WHAT THE EXERCISE ASKS - Print exactly the lines below between the line containing "Casual beige cotton" and the line containing "Playful and whimsical", counting both of those lines. Leave pictures out.

LISTED ENTRIES -
* * * * *

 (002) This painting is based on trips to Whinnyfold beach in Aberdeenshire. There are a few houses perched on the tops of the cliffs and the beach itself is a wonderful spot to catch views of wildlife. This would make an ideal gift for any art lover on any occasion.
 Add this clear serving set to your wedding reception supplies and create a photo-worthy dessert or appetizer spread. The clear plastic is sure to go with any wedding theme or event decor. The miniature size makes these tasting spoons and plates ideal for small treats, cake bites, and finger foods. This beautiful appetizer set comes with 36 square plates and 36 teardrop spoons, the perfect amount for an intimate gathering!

* * * * *

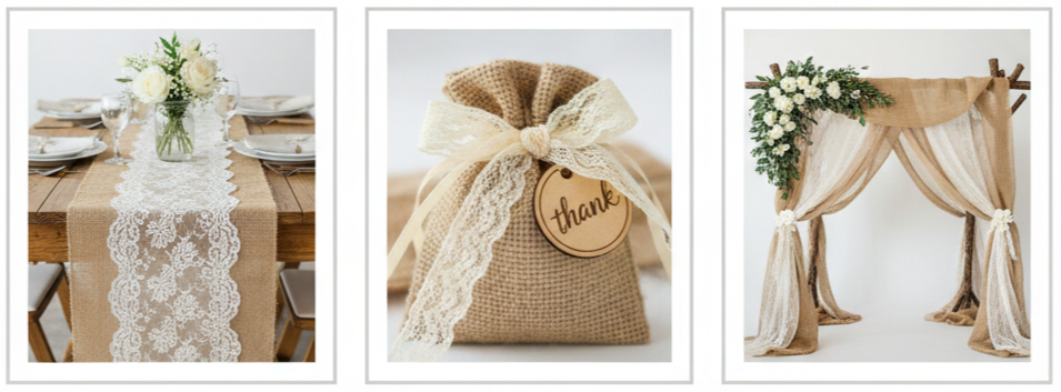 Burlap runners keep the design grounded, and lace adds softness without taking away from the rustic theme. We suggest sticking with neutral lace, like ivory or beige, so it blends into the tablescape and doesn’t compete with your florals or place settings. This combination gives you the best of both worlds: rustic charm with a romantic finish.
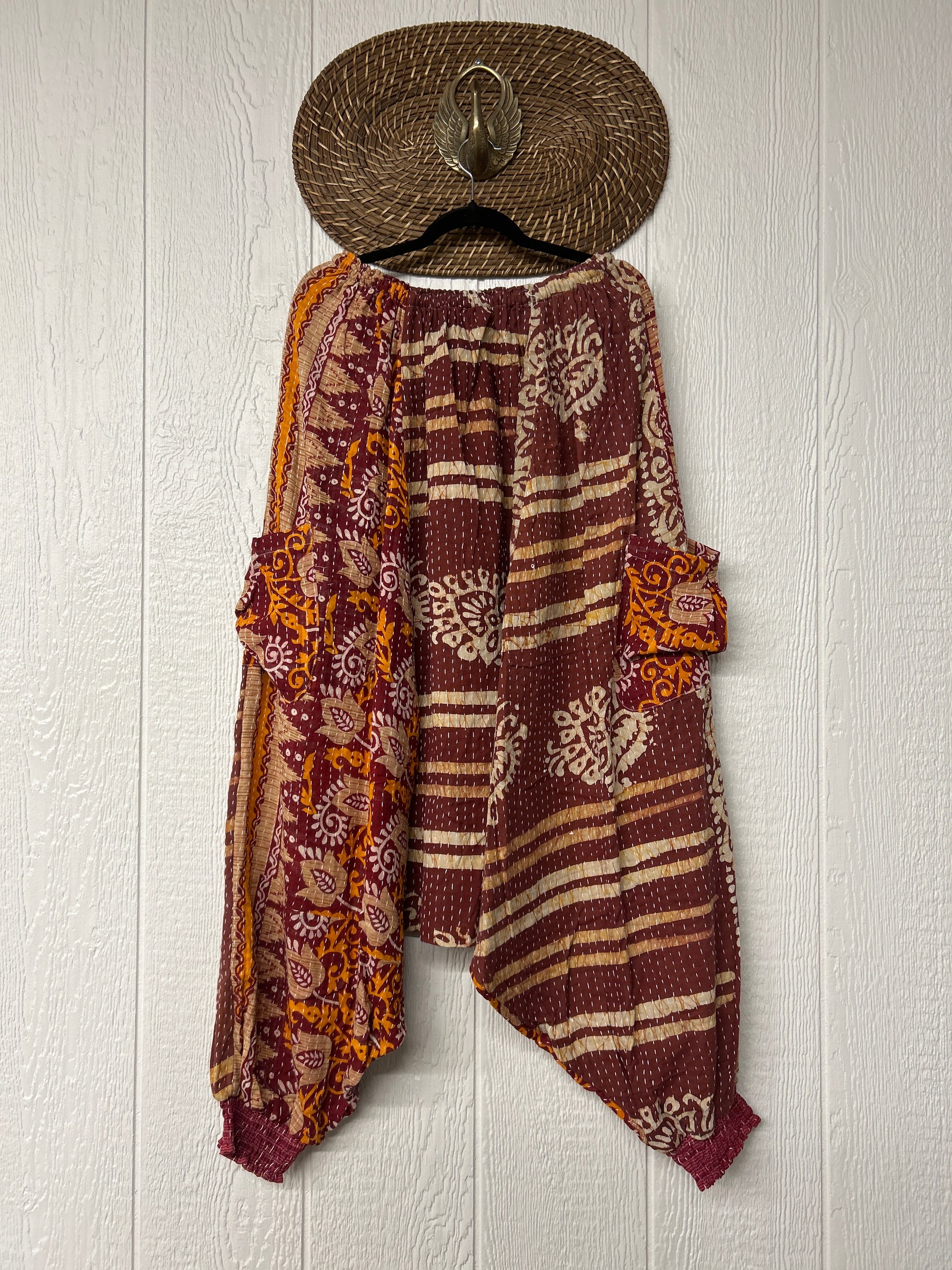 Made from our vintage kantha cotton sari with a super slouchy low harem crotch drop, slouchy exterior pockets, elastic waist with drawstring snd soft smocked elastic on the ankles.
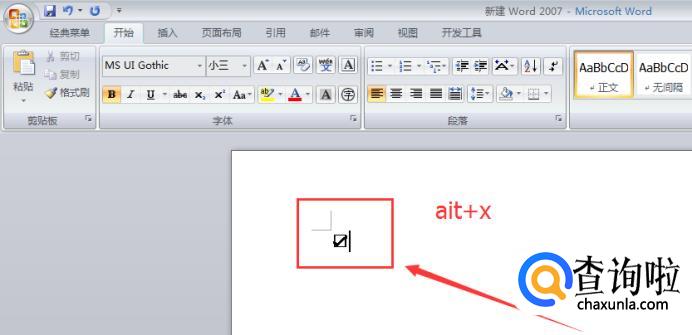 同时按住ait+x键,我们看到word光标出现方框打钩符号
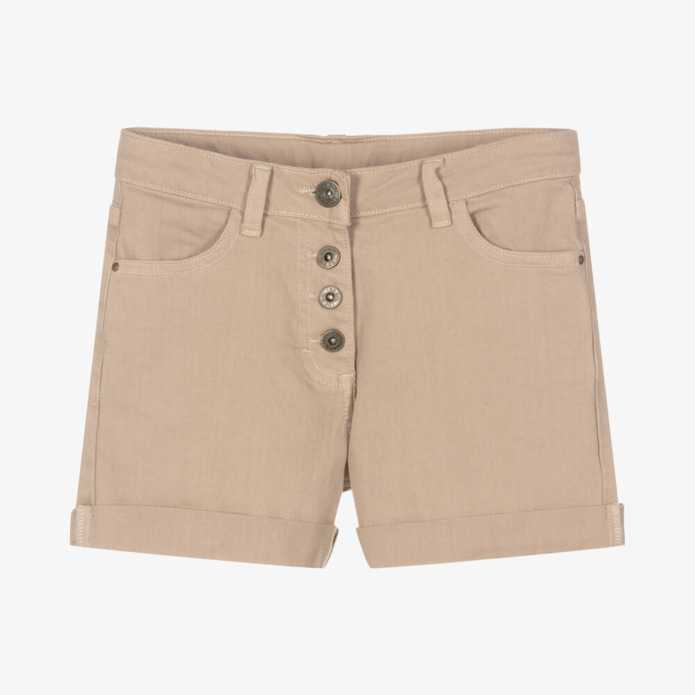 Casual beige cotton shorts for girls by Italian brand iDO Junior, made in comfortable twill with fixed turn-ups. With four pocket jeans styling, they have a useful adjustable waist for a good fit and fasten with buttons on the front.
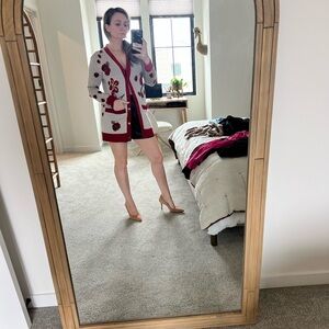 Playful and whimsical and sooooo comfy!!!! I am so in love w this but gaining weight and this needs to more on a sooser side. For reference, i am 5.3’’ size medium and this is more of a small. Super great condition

* * * * *

SOLUTION TO THIS TASK -
 Casual beige cotton shorts for girls by Italian brand iDO Junior, made in comfortable twill with fixed turn-ups. With four pocket jeans styling, they have a useful adjustable waist for a good fit and fasten with buttons on the front.
 Playful and whimsical and sooooo comfy!!!! I am so in love w this but gaining weight and this needs to more on a sooser side. For reference, i am 5.3’’ size medium and this is more of a small. Super great condition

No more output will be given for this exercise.